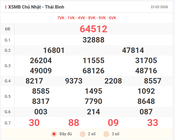 Tổng hợp kết quả xsmb hôm qua Chủ Nhật ngày 22/02/2026
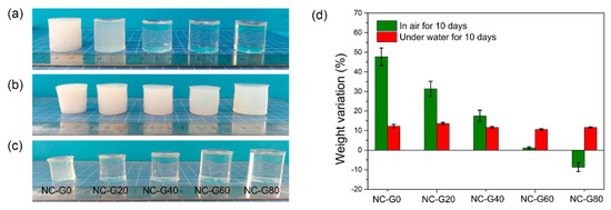 The digital pictures of NC-G gels. (a) As-prepared, (b) immersed in water for 10 days, (c) placed in air for 10 days, (d) weight variation of NC-G gels.
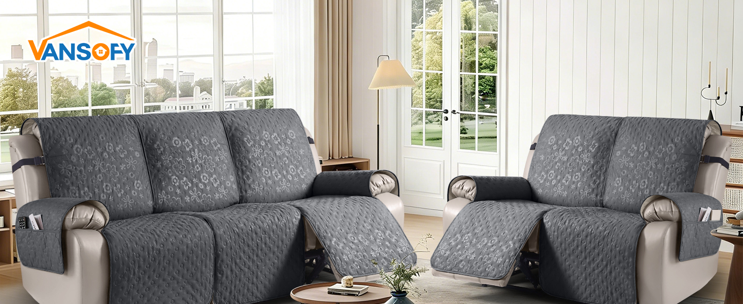 QUADRUPLE NON-SLIP DESIGN MINIMIZES MOVEMENT: Engineered with triple elastic straps for the headrest, lumbar and footrest, plus non-slip particles across the reverse side of the product, this recliner Sofa covers delivers four-point stabilization to prevent shifting
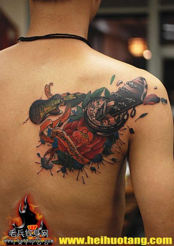欧美玫瑰纹身 男生手臂上花朵纹身图片
┄┄┄┄┄┄┄┄┄┄┄┄┄┄┄┄┄┄┄┄
* Your assignment: Repeat the listing exactly, minus its pictures.

* Answer section:
 Tổng hợp kết quả xsmb hôm qua Chủ Nhật ngày 22/02/2026
 The digital pictures of NC-G gels. (a) As-prepared, (b) immersed in water for 10 days, (c) placed in air for 10 days, (d) weight variation of NC-G gels.
 QUADRUPLE NON-SLIP DESIGN MINIMIZES MOVEMENT: Engineered with triple elastic straps for the headrest, lumbar and footrest, plus non-slip particles across the reverse side of the product, this recliner Sofa covers delivers four-point stabilization to prevent shifting
欧美玫瑰纹身 男生手臂上花朵纹身图片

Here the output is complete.